Graduation
This weekend is my favorite of the year – graduation. It began on Friday evening with eighth grade graduation for Independence Charter Middle School, my first charter school. The excitement continued with graduation ceremonies
for Harding Charter Preparatory High School. Both school’s ceremonies were a marvel to watch and all of the students are to be congratulated.
The stories that I heard about the Harding Charter Prep seniors, their challenges and accomplishments continue to both amaze and inspire me. I often talk about last year’s class, whose accomplishments led Newsweek magazine to rank the school in the top 200 high schools in the nation.
So what about this year’s class? Some of the statistics and accolades are still coming in but what we know so far is truly amazing. The class had 80 students and 98 percent are going to college. About 70 percent are the first in their family to go to college, and over 30 percent are the first in their family to graduate from high school. The students earned, to date, $1.75 million in scholarships, but more notifications are coming in. Their ACT composite score was 22.7, which is above the national average. The school administered an astonishing 427 Advanced Placement End-of-Instruction examinations to 125 students.
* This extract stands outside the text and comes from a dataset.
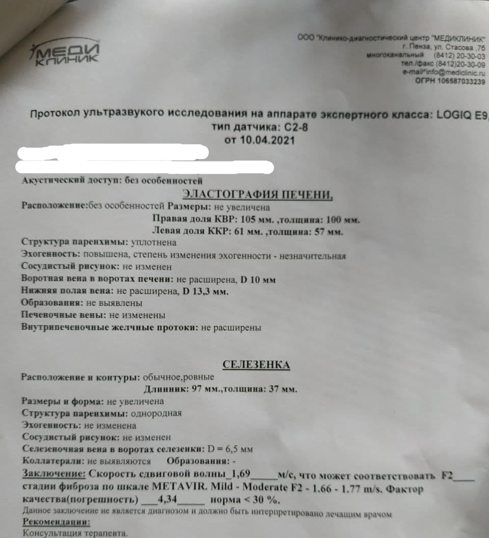 По большому счету F2 это почти здоровая печень), по мнению большинства гепатологов, но причину в любом случае установить очень желательно, так как это может быть ключевым моментом если не для уменьшения фиброза, то хотя бы к замедлению его прогрессирования.

The pass rate has yet to be reported but that is nearly double the number of tests administered to the entire Oklahoma City School District.
Those results might be expected at a high school in an upper-income suburb, but the school’s free/reduced lunch rate still hovers around 56 percent. Four of the students in this year’s senior class were homeless, and all of them are going to college.
Each year a scholarship is given in memory of my late husband, John. It honors a student who has persevered through difficulty while completing the rigorous course of study at Harding. The finalists wrote essays about adversity and how it shaped their character. The essays told stories of homelessness, crushing poverty, parents or family members with drug or alcohol addictions, families torn apart by divorce and violence, and physical and emotional illnesses. These students faced challenges greater than most adults have faced, yet in each case, they made it through. Many of them credited Harding Charter Prep faculty, their churches, and parents of fellow students with helping them succeed.
I felt privileged to be a part of the ceremony and to watch the students accept their diplomas. I looked at the faculty and was in awe of what they had achieved. We hear, too often, that kids can’t learn when they are caught up in poverty, broken homes, and drug addiction. For those kids, we are told that school work is too difficult and if we make it more rigorous, then the dropout rate will soar. Excuses for poor performance have become the norm and expectations for students have been lowered.
This way of thinking must end.
At Harding and at all schools of excellence in our state, when expectations are high for student performance, kids meet those expectations. At Harding, we operate under the following philosophy; “No excuses – period. If you work hard, you will succeed and we will move heaven and earth, but you’re going to college!” By the work that is done day in and day out at Harding Charter Preparatory High School, children’s lives are changed forever.
It’s time we applied that same philosophy to our state’s education system.